Fair question. I know TypeScript, I don’t know Swift. This was my first mobile app and Expo lowered the barrier enough for me to actually ship it. I’m sure native would have been leaner, but I’d probably still be reading SwiftUI docs instead of having an app on the App Store.


Cheers!


The AI wrote the code, but the design decisions are 100% mine, I’m going through a monospaced phase.

Cover Flow would look cool but I’m not sure it solves a real problem for this use case. When you’re digging through crates you want to search and filter fast, not swipe through covers. Appreciate the feedback though!


This was my first mobile app so I can’t really compare, but Expo was a great way to get started with zero mobile experience. That said, I did feel a bit locked into their ecosystem.
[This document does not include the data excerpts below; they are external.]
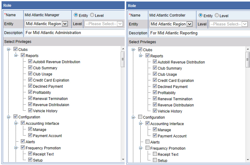 - Mid Atlantic Manager is given permission to all activities in the following menus: Clubs and Configuration.
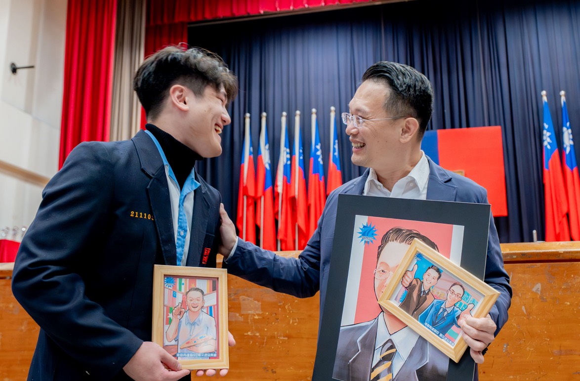 在技職教育成果方面,蘇俊賓特別肯定育達高中亮眼的表現。110學年度育達獲教育部「高職優質化績優學校」肯定,是全國兩百多所技術型高中中唯一獲獎的私立學校,也是桃園市唯一獲此殊榮的學校。另在109年及111年國中技藝教育訪視中,育達連續獲得「優等」評價,特別在餐飲、美術、平面設計及漫畫等領域表現突出。學生在「平面設計類」及「漫畫類」競賽中屢屢奪獎,相關獲獎紀錄已連續25年為桃園之冠,堪稱難以超越的里程碑,充分展現其專業培育能量與卓越教學品質。今日活動中,育達學生也特別製作電繪人像畫致贈蘇俊賓。蘇俊賓也分享,育達學生過去創作的畫作至今仍收藏於其辦公室,對學生創意與學校教育成果的高度肯定。
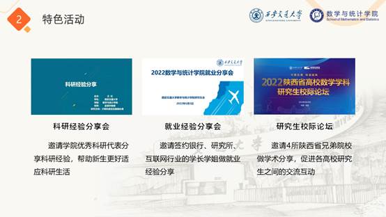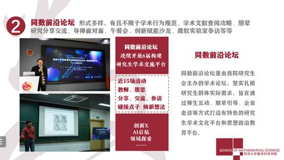 同济大学数学科学学院研究生会连续开展6届研究生学术交流活动“同数前沿论坛”,内容包括学术行为规范、学术文献查阅攻略、朋辈研究分享交流、导师面对面、午餐会、创新赋能沙龙、微软实验室参访等。此外,在今年的上海疫情期间,研会开展了一系列线上活动,如云自习室、云早起、云运动等,帮助同学们缓解压力。

Everything is designed to push you toward their cloud build service (EAS), and I just wanted to build locally.


Not a designer at all, I used recraft.ai and iterated until I got something I liked.


I love it!


Thanks!


Funny enough this was my first mobile app ever, I figured it out doing it. Expo helped a lot. The Apple review process on the other hand… that was a whole learning experience on its own.


God I feel you here, that first review is always brutal.


Fair enough on the iOS mention. The tech stack (React Native, Expo, TypeScript, SQLite) is detailed in the blog post, I wasn't trying to hide it.

As others pointed out in the thread, RN renders actual native views, not a webview. For this use case: browsing a local SQLite database offline, it works really well.